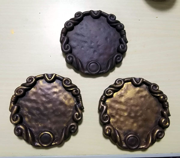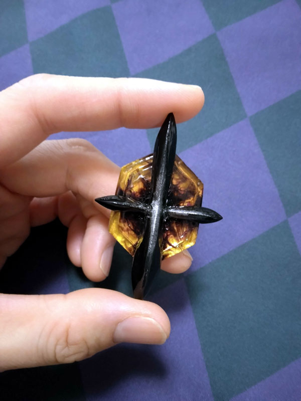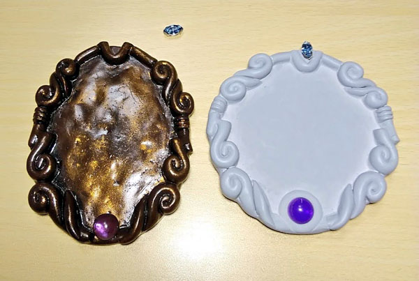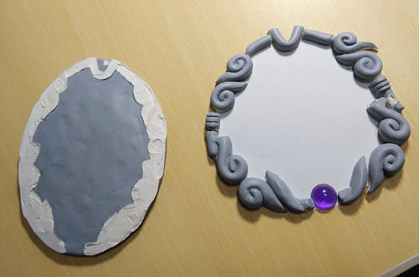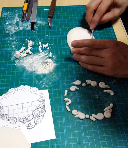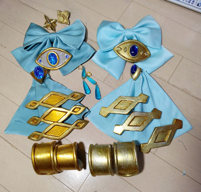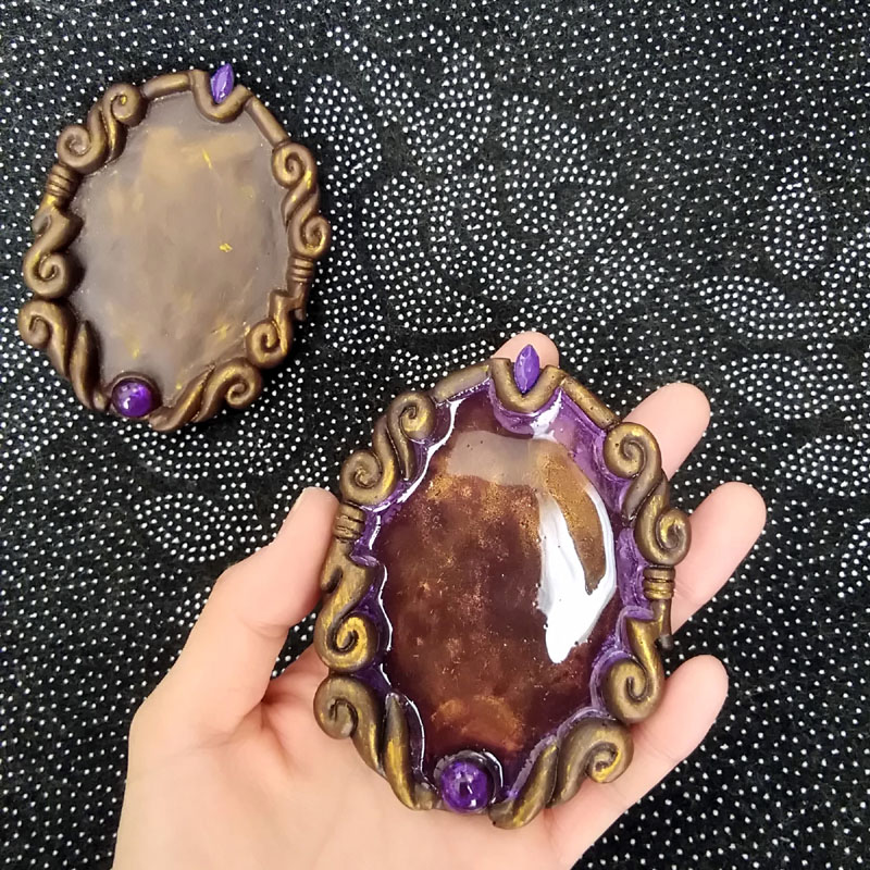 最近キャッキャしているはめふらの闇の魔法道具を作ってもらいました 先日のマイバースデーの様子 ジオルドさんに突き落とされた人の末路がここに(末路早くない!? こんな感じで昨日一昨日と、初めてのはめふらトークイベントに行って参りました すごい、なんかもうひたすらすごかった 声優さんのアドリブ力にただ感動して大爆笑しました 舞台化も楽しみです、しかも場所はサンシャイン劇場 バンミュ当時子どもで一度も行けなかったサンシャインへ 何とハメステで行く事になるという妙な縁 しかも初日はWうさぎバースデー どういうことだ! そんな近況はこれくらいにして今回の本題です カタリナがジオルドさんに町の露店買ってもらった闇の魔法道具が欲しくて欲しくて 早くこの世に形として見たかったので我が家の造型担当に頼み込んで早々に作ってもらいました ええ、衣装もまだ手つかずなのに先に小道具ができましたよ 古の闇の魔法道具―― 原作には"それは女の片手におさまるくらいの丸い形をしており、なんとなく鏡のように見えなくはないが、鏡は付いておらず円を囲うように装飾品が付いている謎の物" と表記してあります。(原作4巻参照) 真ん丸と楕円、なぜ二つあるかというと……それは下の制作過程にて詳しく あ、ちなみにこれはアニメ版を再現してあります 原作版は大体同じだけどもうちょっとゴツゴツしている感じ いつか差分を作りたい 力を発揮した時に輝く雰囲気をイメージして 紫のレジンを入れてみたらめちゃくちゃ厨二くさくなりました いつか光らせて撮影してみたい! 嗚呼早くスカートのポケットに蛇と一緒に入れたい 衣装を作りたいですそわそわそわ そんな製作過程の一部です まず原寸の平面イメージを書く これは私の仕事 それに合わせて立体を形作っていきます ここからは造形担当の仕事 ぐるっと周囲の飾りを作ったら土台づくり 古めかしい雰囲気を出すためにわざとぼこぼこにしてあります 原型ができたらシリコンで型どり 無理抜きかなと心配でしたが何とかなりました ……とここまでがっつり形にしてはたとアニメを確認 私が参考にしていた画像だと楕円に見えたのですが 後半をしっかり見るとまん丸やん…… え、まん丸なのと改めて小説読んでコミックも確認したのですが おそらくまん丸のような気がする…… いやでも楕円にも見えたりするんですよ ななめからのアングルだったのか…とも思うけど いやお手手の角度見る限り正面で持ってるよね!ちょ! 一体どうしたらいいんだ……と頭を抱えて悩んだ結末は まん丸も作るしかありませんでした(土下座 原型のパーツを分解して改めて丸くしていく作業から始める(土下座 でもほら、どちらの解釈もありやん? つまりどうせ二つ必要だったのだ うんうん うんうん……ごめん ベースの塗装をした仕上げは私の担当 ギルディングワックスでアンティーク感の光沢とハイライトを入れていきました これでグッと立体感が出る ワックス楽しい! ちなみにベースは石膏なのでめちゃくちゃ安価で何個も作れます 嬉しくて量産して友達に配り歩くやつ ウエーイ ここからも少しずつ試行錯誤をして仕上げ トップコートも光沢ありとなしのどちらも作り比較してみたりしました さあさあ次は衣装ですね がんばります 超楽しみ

==

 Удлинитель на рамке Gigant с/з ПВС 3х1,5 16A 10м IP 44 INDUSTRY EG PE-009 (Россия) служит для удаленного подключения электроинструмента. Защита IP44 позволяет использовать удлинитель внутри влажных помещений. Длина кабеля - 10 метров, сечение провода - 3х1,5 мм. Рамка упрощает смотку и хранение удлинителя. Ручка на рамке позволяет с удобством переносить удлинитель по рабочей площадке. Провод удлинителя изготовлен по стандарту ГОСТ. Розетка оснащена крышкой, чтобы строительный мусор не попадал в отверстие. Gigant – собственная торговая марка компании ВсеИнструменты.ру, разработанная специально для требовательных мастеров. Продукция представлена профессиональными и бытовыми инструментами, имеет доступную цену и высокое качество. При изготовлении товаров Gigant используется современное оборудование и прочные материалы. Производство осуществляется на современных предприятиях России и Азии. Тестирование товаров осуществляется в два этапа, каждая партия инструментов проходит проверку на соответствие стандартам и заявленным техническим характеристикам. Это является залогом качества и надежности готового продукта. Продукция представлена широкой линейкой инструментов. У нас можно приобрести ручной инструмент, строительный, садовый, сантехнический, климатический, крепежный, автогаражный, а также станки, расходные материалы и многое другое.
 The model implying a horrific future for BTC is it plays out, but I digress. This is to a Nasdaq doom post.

EXERCISE PROMPT
Reproduce exactly the lines of the records above from the one with "Удлинитель на рамке" to the one with "The model implying", both included, and leave out everything else.

RESPONSE AREA
 Удлинитель на рамке Gigant с/з ПВС 3х1,5 16A 10м IP 44 INDUSTRY EG PE-009 (Россия) служит для удаленного подключения электроинструмента. Защита IP44 позволяет использовать удлинитель внутри влажных помещений. Длина кабеля - 10 метров, сечение провода - 3х1,5 мм. Рамка упрощает смотку и хранение удлинителя. Ручка на рамке позволяет с удобством переносить удлинитель по рабочей площадке. Провод удлинителя изготовлен по стандарту ГОСТ. Розетка оснащена крышкой, чтобы строительный мусор не попадал в отверстие. Gigant – собственная торговая марка компании ВсеИнструменты.ру, разработанная специально для требовательных мастеров. Продукция представлена профессиональными и бытовыми инструментами, имеет доступную цену и высокое качество. При изготовлении товаров Gigant используется современное оборудование и прочные материалы. Производство осуществляется на современных предприятиях России и Азии. Тестирование товаров осуществляется в два этапа, каждая партия инструментов проходит проверку на соответствие стандартам и заявленным техническим характеристикам. Это является залогом качества и надежности готового продукта. Продукция представлена широкой линейкой инструментов. У нас можно приобрести ручной инструмент, строительный, садовый, сантехнический, климатический, крепежный, автогаражный, а также станки, расходные материалы и многое другое.
 The model implying a horrific future for BTC is it plays out, but I digress. This is to a Nasdaq doom post.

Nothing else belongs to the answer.